RE: IRI-Everywhere from Martin Duerst on 2002-11-18 (www-tag@w3.org from November 2002)

From: Martin Duerst <duerst@w3.org>
Date: Tue, 19 Nov 2002 07:50:25 +0900
To: "Julian Reschke" <julian.reschke@gmx.de>, <www-tag@w3.org>
Cc: www-international@w3.org
Message-Id: <4.2.0.58.J.20021116045050.079785d0@localhost>
Hello Julian,

Many thanks for your comments. I have copied www-international,
where comments about the IRI draft should be sent/copied.

At 22:48 02/11/13 +0100, Julian Reschke wrote:

>I'd like to add a few facts that seem to get overlooked again and again :-)
>
>1) Allowing the space character in IRIs makes it impossible to use the 
>space character as delimiter between IRIs. Specs that as of now use 
>white-space separated lists of URIs (such as XML Schema for 
>namespaceLocation) *will* break if an IRI contains a space character.

Please note that the IRI spec doesn't advocate using spaces; it clearly
warns against them.
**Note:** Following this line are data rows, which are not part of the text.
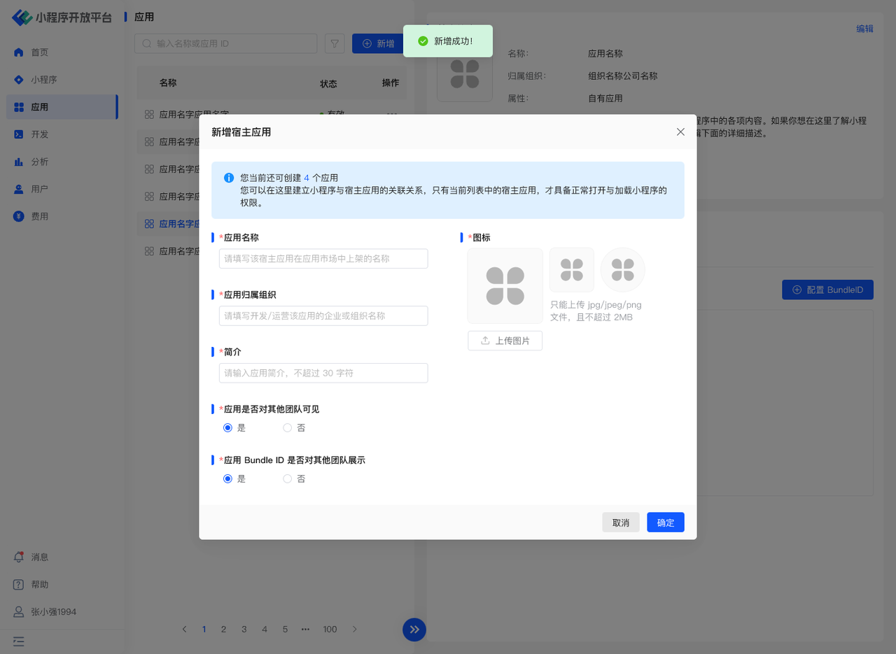 新增应用时,需填写应用名称与应用所属企业名称,上传图标,并确定是否对其他团队可见、BundleID 是否对其他团队可见。其中:
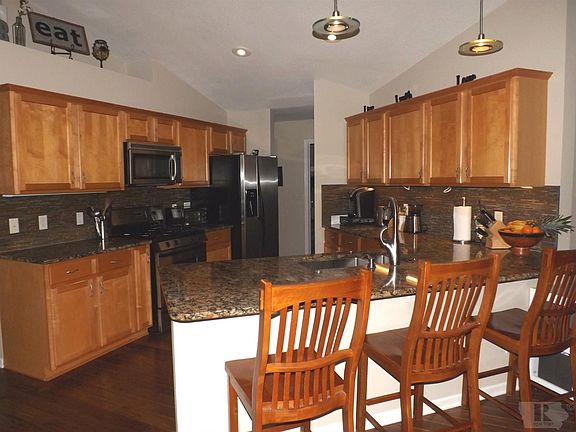 Great Family Home with 5 Bedrooms and 3 Full Baths on the South Side with vaulted ceilings, main level laundry, large 2 stall garage and more! Amenities galore with open floor plan, striking kitchen with granite counter tops and eat at island open to a large living room and formal dining with sliders to back yard deck. Great space with split bedrooms consisting of Master with large walk in closet, sliders to the back yard deck, and master bath with double sink, jet tub and walk in shower. Space for the family with 2 more bedrooms on the main and 2 in the lower level. Great Entertaining in the lower level with large family room with gas fireplace and a separate bar area with sink! Don't miss out on this quality built home with 2 x 6 construction and many upgrades!!!
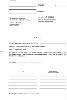 Sie können sich im Grenztermin durch einen schriftlichen Bevollmächtigten vertreten lassen. Für die Vollmacht kann der beigefügte Vordruck benutzt werden. Die Vollmacht ist im Termin zu übergeben oder der Vermessungsstelle zuzuleiten.

If you see a good way to make this warning clearer,
please tell me.


>2) IRIs are not URIs (well, many of them). "Silently" replacing URI (refs) 
>by IRI (refs) in spec revisions (such as XML namespaces) potentially 
>breaks applications that assume URI-ness (such as that only ASCII 
>characters are used).

The discussion currently is not about a silent replacement, but
about a new version of the namespaces spec.


>3) QName vs URI: if XML namespaces allow IRI refs as namespace names, the 
>issue of mapping QNames to URIs will get even messier as it *already* is.

Because the conversion from IRIs to URIs is well-defined, I think
saying it gets messier is not at all appropriate. There may be an
additional step, but this step is well-defined.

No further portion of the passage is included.